November 17, 2013 News 8 Comments

11-17-2013 11-13-49 AM

From Concerned: “Re: Truven Health Analytics. Its Q3 2013 SEC 10-Q says 2012 was an earnings disaster, and so far this year the company has lost $26 million and is increasing debt to pay bills.” I took a quick glance over the form, but I’m not an accountant and most of it glazed me over. Revenue took a big jump year over year and the net loss dropped as expenses were held fairly steady through the acquisition of the Thomson Reuters healthcare business in June 2012. As of September 30, the company appeared to be running a monthly loss of around $3 million and had $8 million in cash. The long document full of numbers is confusing because of the acquisition, but it appears that the company lost $8.4 million in the quarter vs. $20 million a year ago, so the situation may be improving. I found it depressing that Truven has 225 pending lawsuits against it filed by people who claim they were harmed by the drug Reglan and are suing the company because its patient education materials didn’t warn them of that possibility.

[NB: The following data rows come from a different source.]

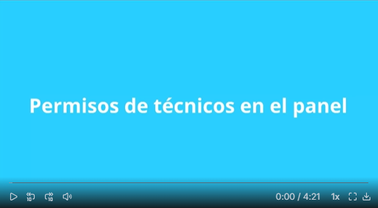 Si accedes como entidad, estos son los técnicos que puedes dar de alta junto con las funciones que pueden realizar en PSI364: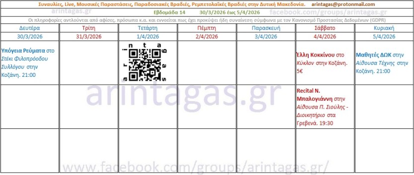 Υπόγεια Ρεύματα στο Στέκι Φιλοπρόοδου Συλλόγου στην Κοζάνη. Δευτέρα 30/3/26, 21:00Έλλη Κοκκίνου στο Κύκλον στην Κοζάνη. Σάββατο 4/4/26, 5€Recital Ν. Μπαλογιάννη στην Αίθουσα Π. Σιούλης – Διοικητήριο στα Γρεβενά. Σάββατο 4/4/26, 19:30Μαθητές ΔΩΚ στην Αίθουσα Τέχνης στην Κοζάνη. Κυριακή 5/4/26, 21:00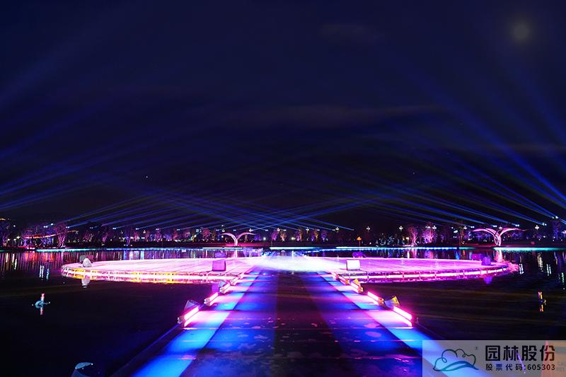 旨在打造成為川西最具規(guī)模、最具獨特創(chuàng)意的光影噴泉秀,結(jié)合現(xiàn)有水域,營造出清澈激靈動的特色。水秀的表演則以唯美靈動、色彩絢麗的表演配合水上透明舞臺上演員的輕歌曼舞,在空中光影形成的多彩穹頂?shù)沫h(huán)抱下,展示出一個美輪美奐的“天空之境”。結(jié)合本項目特殊的自然環(huán)境條件,如此有針對性的設(shè)計創(chuàng)意,有效解決了因大開闊的區(qū)域缺少高低層次,山體林木距離主秀區(qū)距離較遠帶來的暗夜壓迫感和孤寂感,實現(xiàn)了全視野、多層次的豐富絢麗夜游體驗。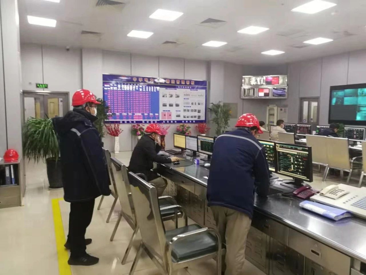 王政(左一)在集控室巡視防控情況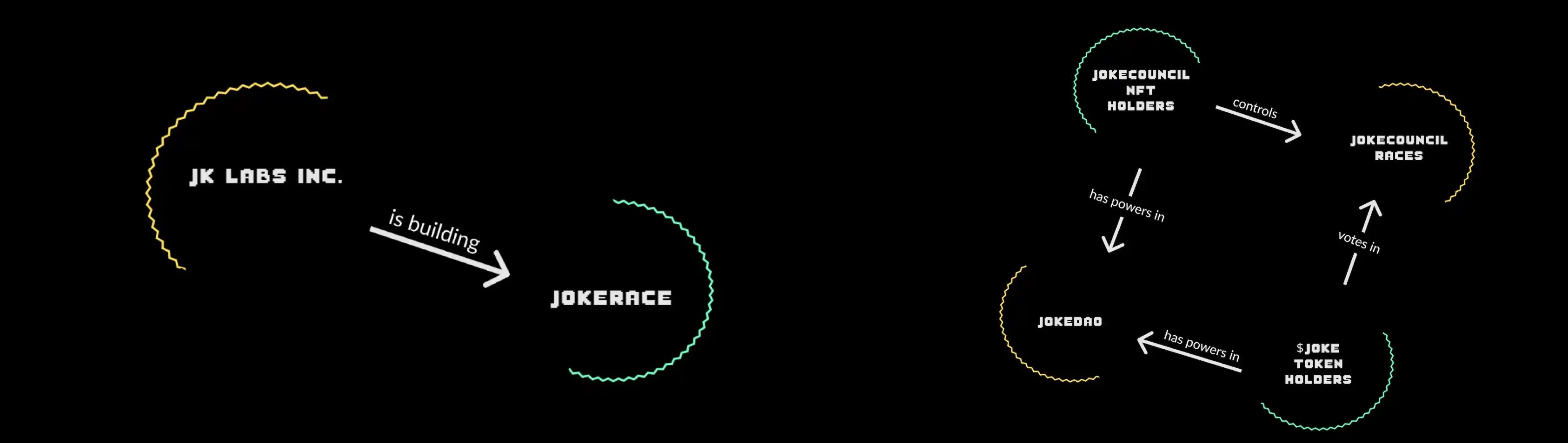 了解了 Jokerace 在做什么事情之后,我们来聊聊 Jokerace 背后的 JK Labs 以及和名称它很像的 Jokedao。简单概括就是 Jokerace 是 JK Labs 构建的竞赛平台,是品牌「Jokerace」的一部分,该品牌目前包含 Jokerace 以及一个独立 NFT 社区——笑话委员会(the jokecouncil),其诞生于每周一次的笑话竞赛,Jokedao 是这个社区的名称,有自己的多重签名来管理其代币 $JOKE。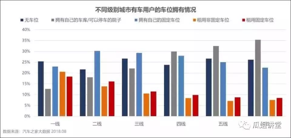 汽車之家大數據也顯示,在一線城市,車主中擁有個人固定車位/車庫/院子的僅占約35%,但在五六線城市,有超過6成的車主有自己的固定停車點。
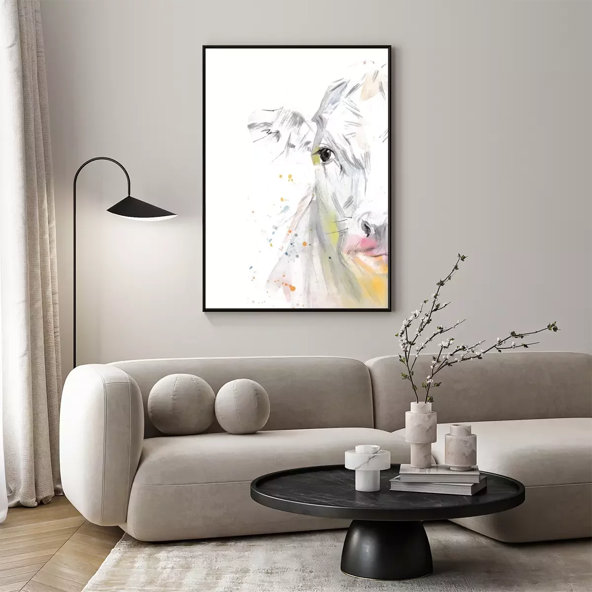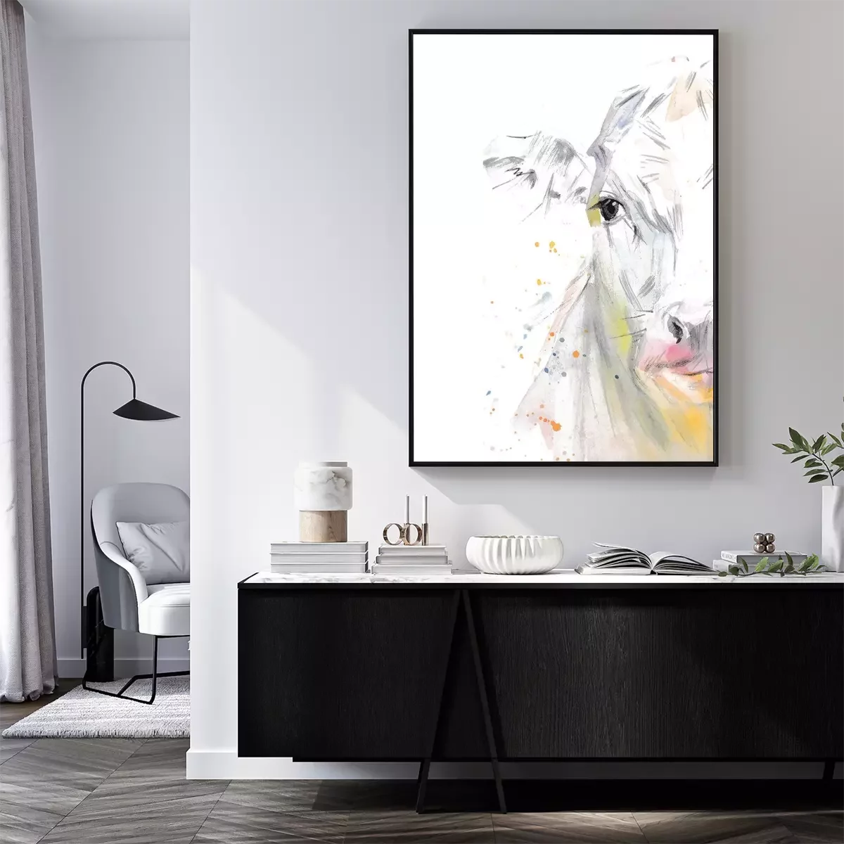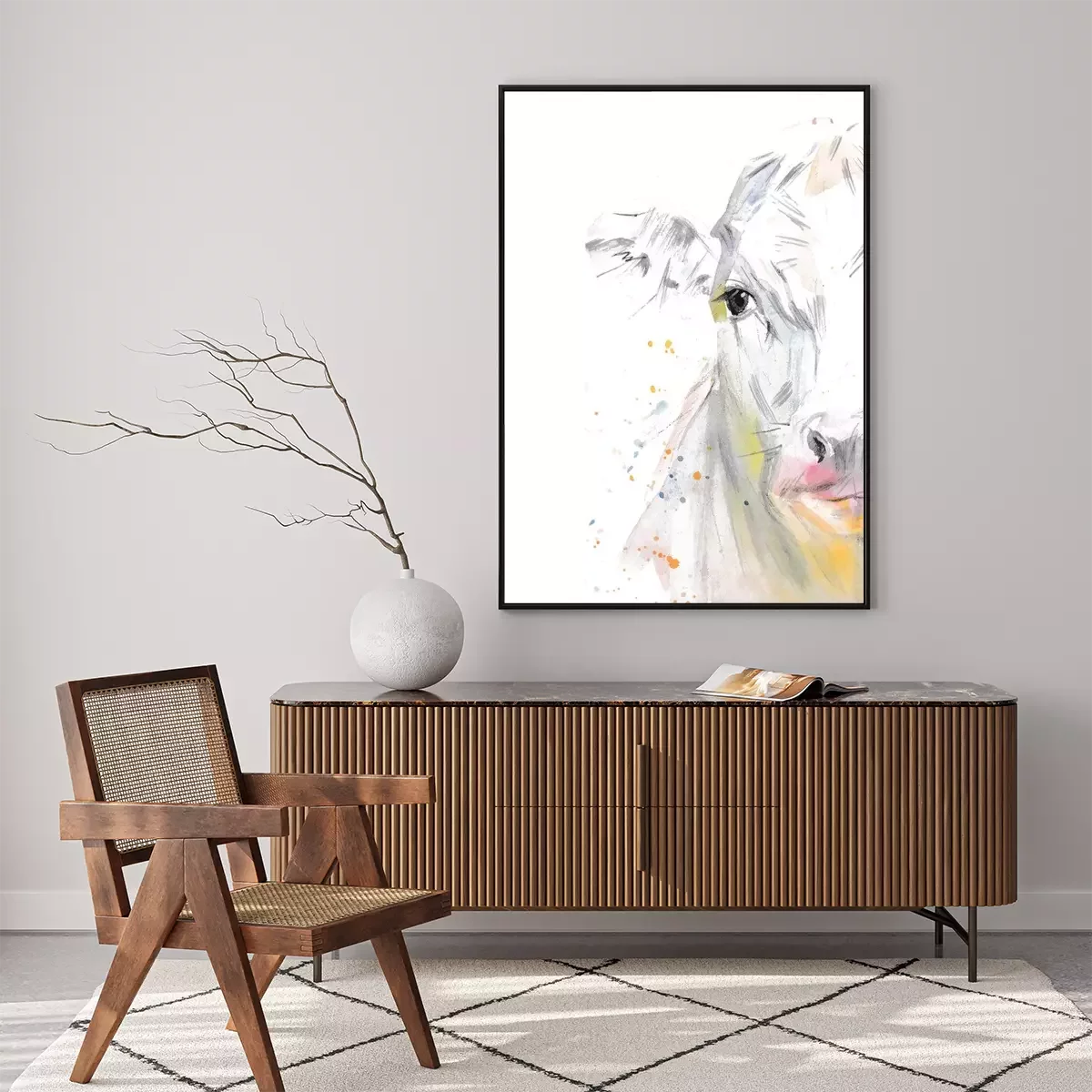 Poster: Aquarel koetje op witte achtergrond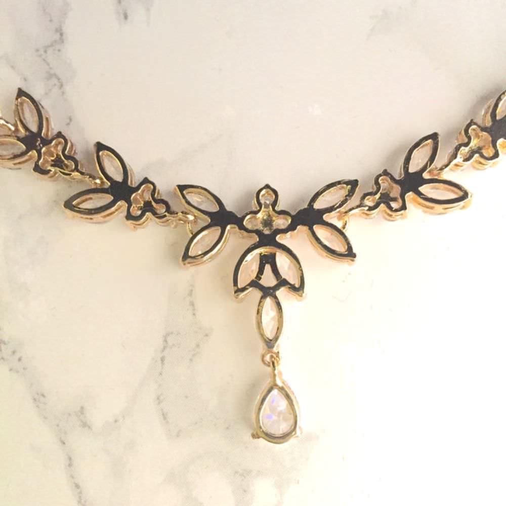 chic gold ジルコニアネックレス&ピアスセット/ブライダルアクセサリー 【結婚式 アクセサリーセット】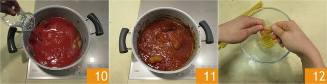 Add the water 10 and a pinch of salt. Cook over low heat, almost simmering, for at least 4 hours 11, then if you prefer, you can shred the brisket and mix it with the sauce. If the water evaporates too much, you can add more as needed. At this point, put a pot of salted water on the stove for the pasta and meanwhile break the ziti 12.
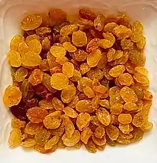 - الزبيب وهو العنب المجفف، ويضاف للكثير من المأكولات وخاصة الحلويات.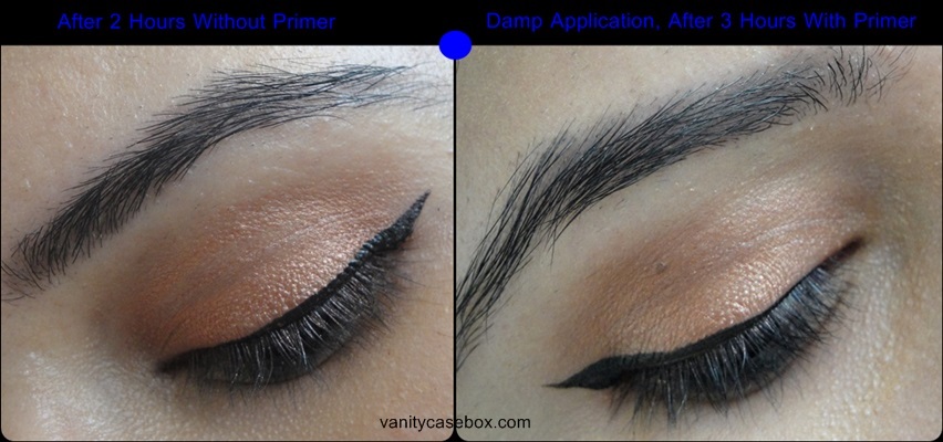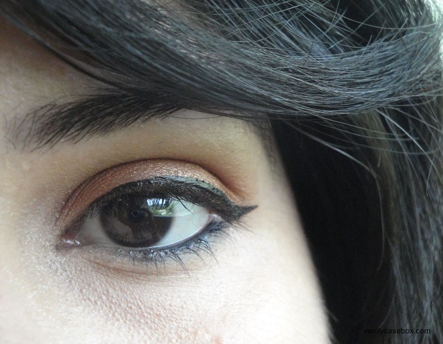 Now, moving onto the quality, the texture of the eyeshadow feels stiff and dry. The pigmentation is just average. When I applied it dry, the intensity of the shade did not coat my eyelids fully and it wore off majorly in just 2 hours. Next time, I applied it using a wet brush. The intensity came off much better on my eyelids and it lasted for around 3 hours on my eyelids. But even in those 3 hours, there was quite a creasing over my fold area. Β With a good eye primer beneath, it lasted an hour more but with considerable fading and creasing. Blending too takes a little extra effort, due to the stiff texture. For reference, I have oily eyelids.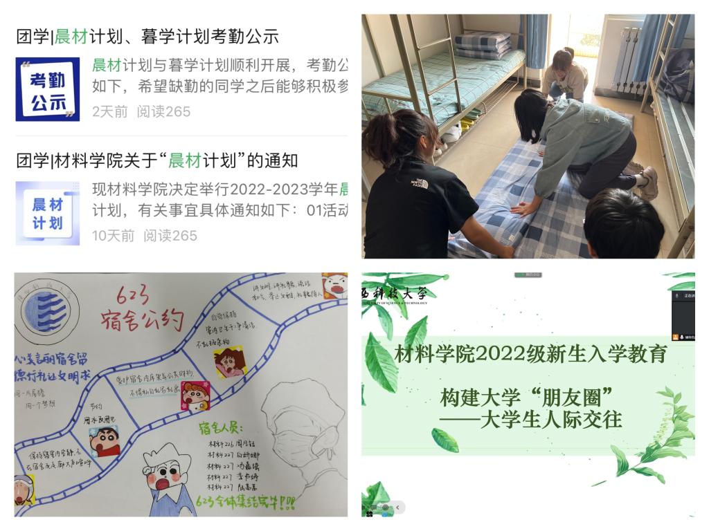 材料学院前置入学教育环节,自暑假开始通过线上线下相结合形式逐步开展相关工作。建立官方年级群、班级群,畅通交流渠道,确保信息准确、安全。在学院官微“科大材子之家”设立迎新专栏,发布相关咨讯,展示新生风采。发挥朋辈帮扶作用,由班助带领新生开展“破冰”团辅,加速班级凝聚力提升;召开“来听班助说,新生不迷茫”系列分享,从衣、食、住、行、学习、安全等九个方面,带领新生了解校园生活。辅导员、青年教师辅导员通过召开班会、座谈交流、深入宿舍、谈心谈话等多种形式,帮助新生适应大学生活,完成角色转变,树立自主意识。

UPDATE: Truven provided this clarification: “Truven Health Analytics has performed well in 2012 and through the first three quarters  of 2013, with steady increases in revenue and robust margins for adjusted EBITDA.  Reported losses are due to accounting changes stemming from our divesture from Thomson Reuters and one-time costs associated with the migration of our data center from Thomson Reuters onto a standalone platform, neither of which affects ongoing operating performance.”

11-17-2013 11-14-48 AM

From FormerHHSIntern: “Re: HIE. Secondary consequences of poor Healthcare.gov rollout. Impending implosion over failed $600 million HHS/ONC Health Information Exchange grant program. At least one senior ONC leader will leave in next two weeks.” Unverified.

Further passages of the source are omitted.